== Segment start ==

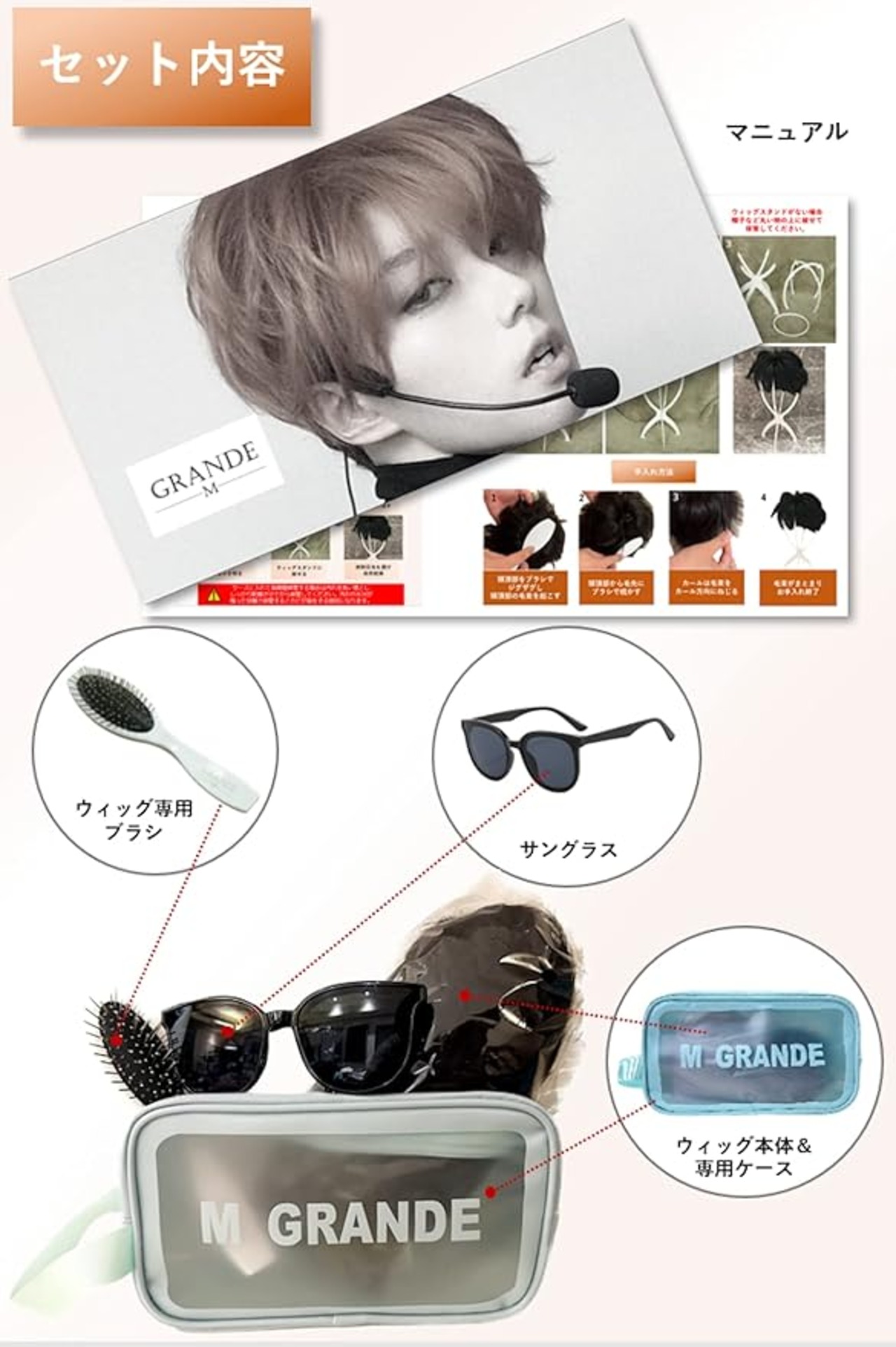 ✅【セット内容】ウィッグ本体 ウィッグ専用ブラシ ウ サングラス 取り扱い説明書 専用ケース
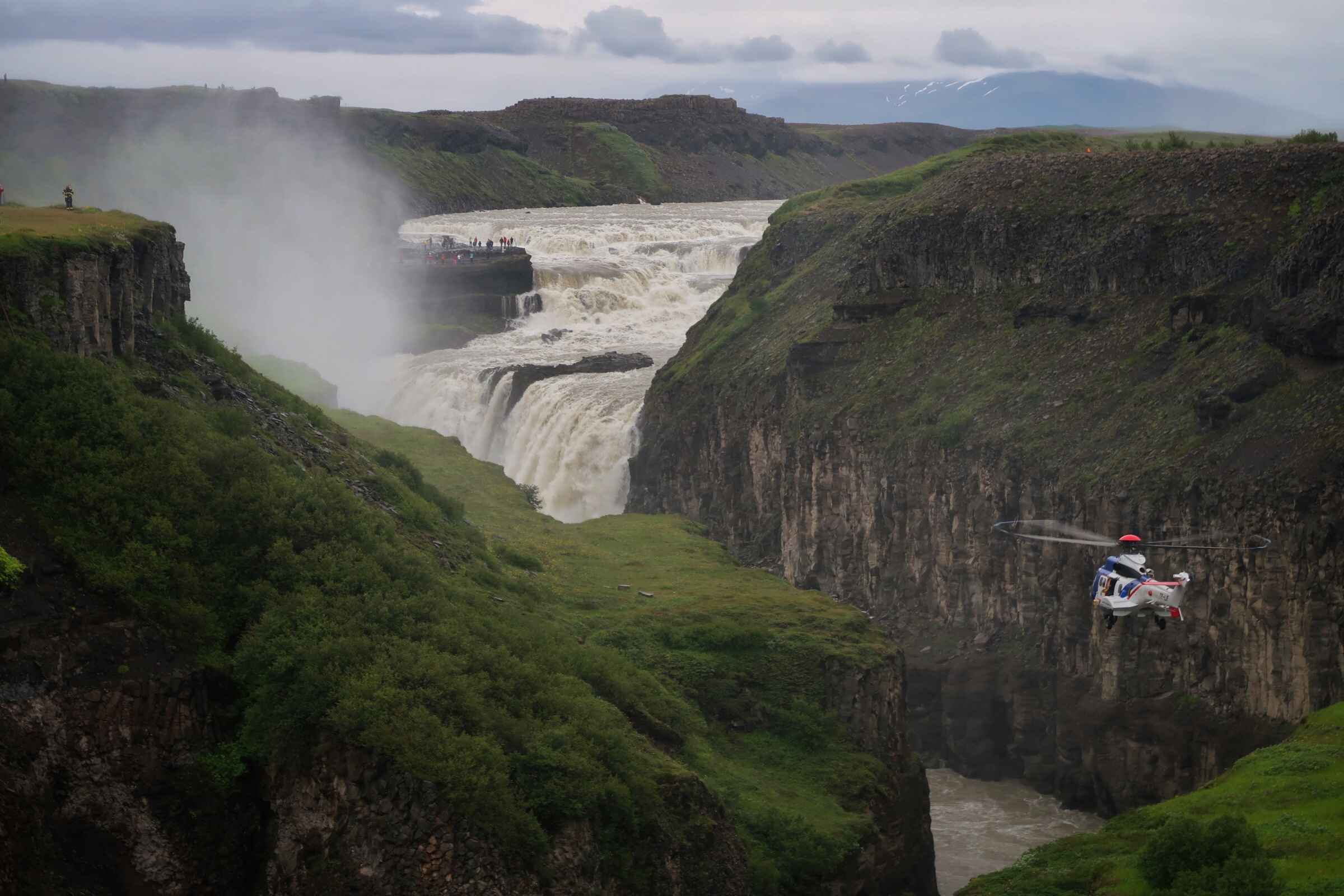 Maðurinn sem féll í Gullfoss á miðvikudag hét Nika Begades, 22 ára gamall Georgíumaður. Lögreglan segir að engar líkur séu taldar á því að Begades hafi lifað af fallið og hefur leit engan árangur borið fram til þessa.
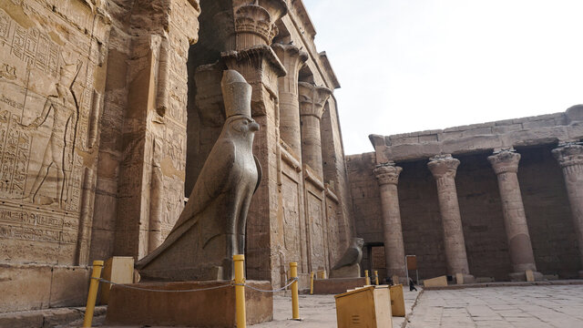 Portrait in hieroglyph of ancient Egyptian falcon god Horus in Edfu, Egypt
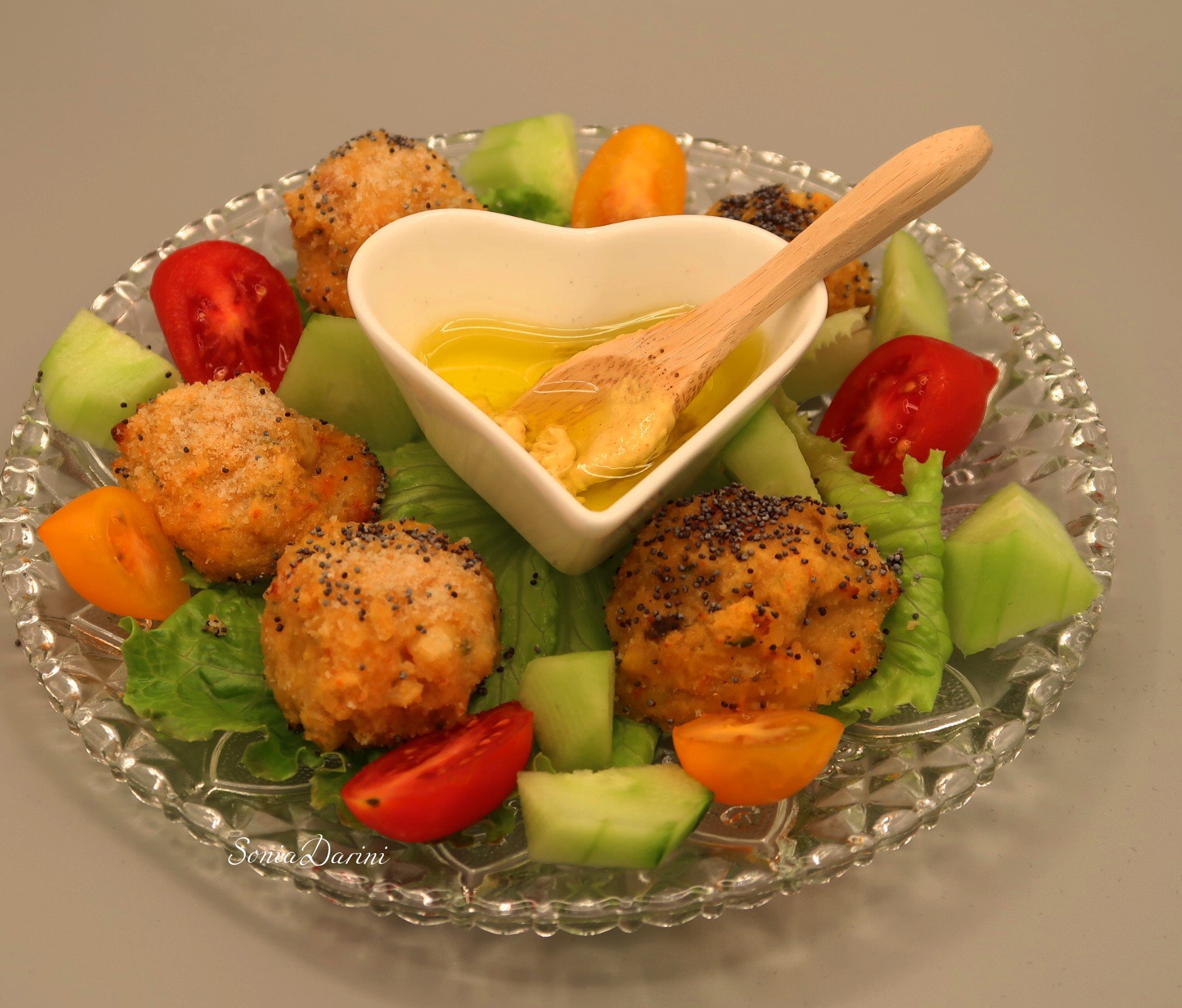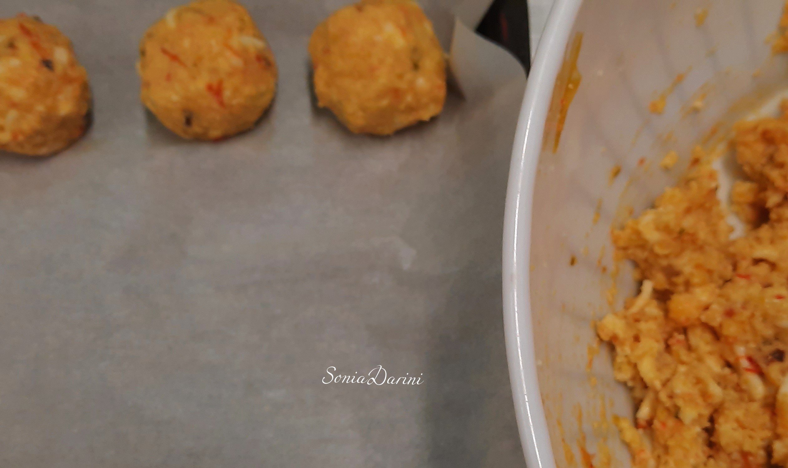 Impastare tutti gli ingredienti insieme e formare delle polpette. Imparare con solo pane grattugiato. Disporre le polpette su una teglia da forno leggermente oleata e cuocere a 200°per circa 20 minuti. A metà cottura girare.
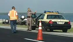 Сотрудник дорожной полиции Флориды на месте ДТП
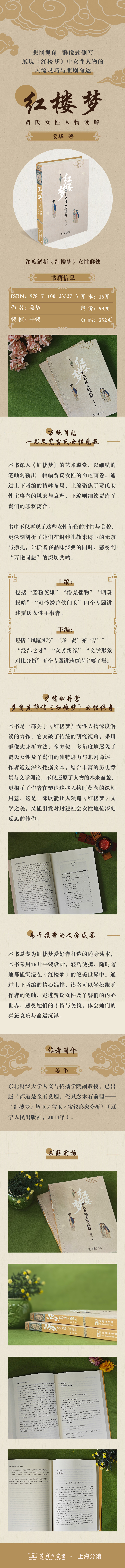 《红楼梦》本身即是十二钗的悲剧,一部《红楼梦》,也是封建社会中女性悲剧的样本集合。从《红楼梦》中具有代表性的女性人物出发,了解其性情,思索其命运,有助于管中窥豹式领悟这部经典之作的深刻性与悲剧意义。
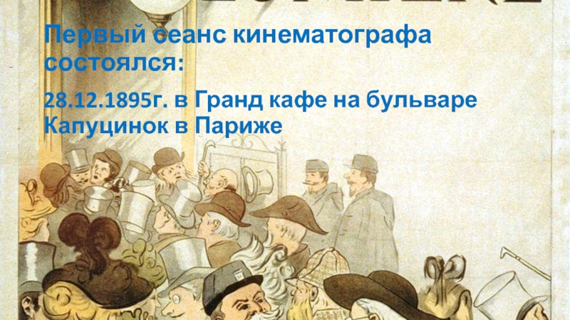 Слайд 2Первый сеанс кинематографа состоялся:
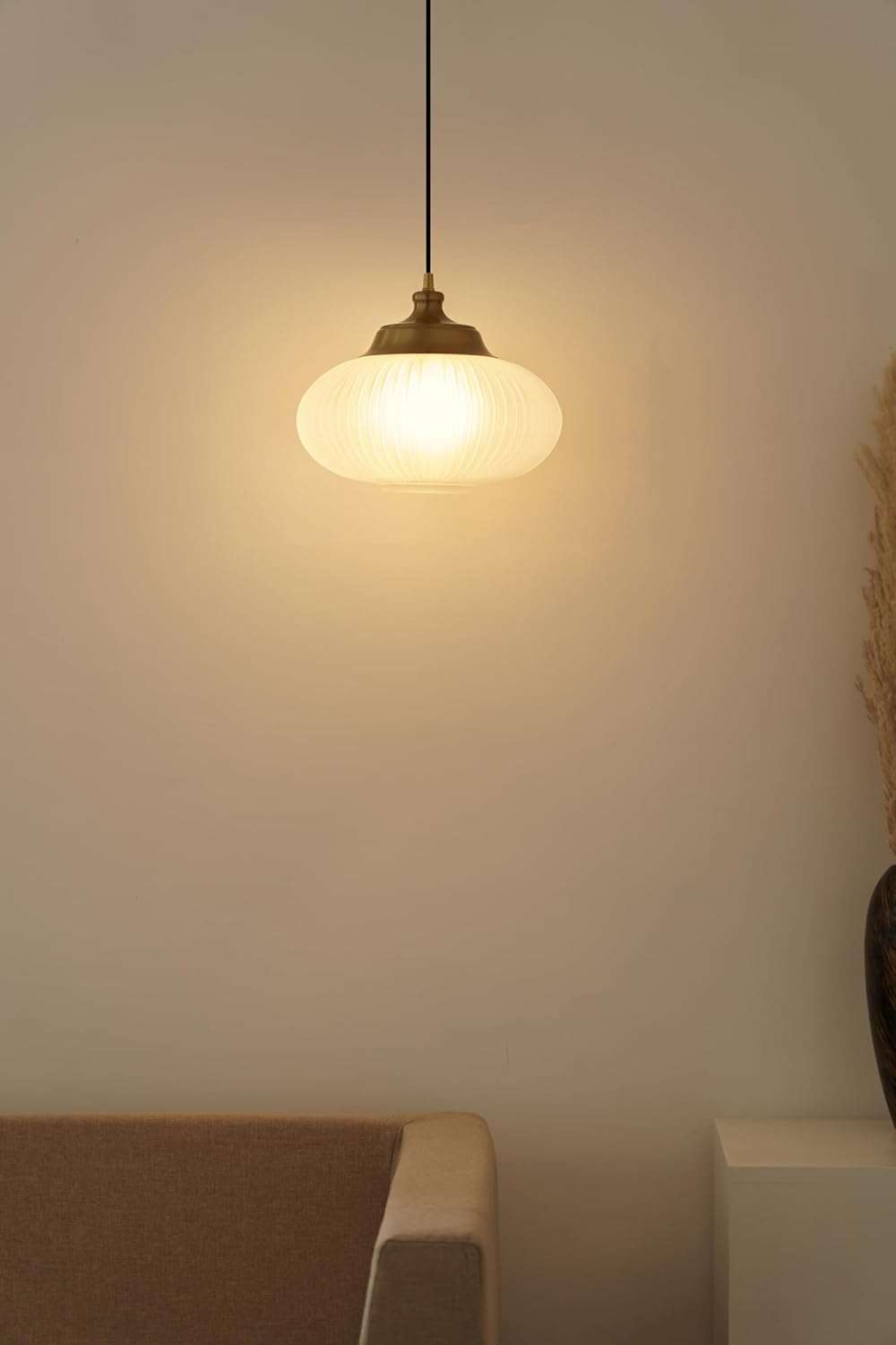 Ribbed Green Melon Glass Hanging Pendant Light Antique Brass Finish for Living Room, Bedroom, Home Decoration and Kitchen

== Segment end ==

ABOUT THIS TASK - Give the lines again exactly, starting where the entries begin and stopping once the line with "Portrait in hieroglyph" is included; pictures are not copied.

RESULT OF THIS TASK -
 ✅【セット内容】ウィッグ本体 ウィッグ専用ブラシ ウ サングラス 取り扱い説明書 専用ケース
 Maðurinn sem féll í Gullfoss á miðvikudag hét Nika Begades, 22 ára gamall Georgíumaður. Lögreglan segir að engar líkur séu taldar á því að Begades hafi lifað af fallið og hefur leit engan árangur borið fram til þessa.
 Portrait in hieroglyph of ancient Egyptian falcon god Horus in Edfu, Egypt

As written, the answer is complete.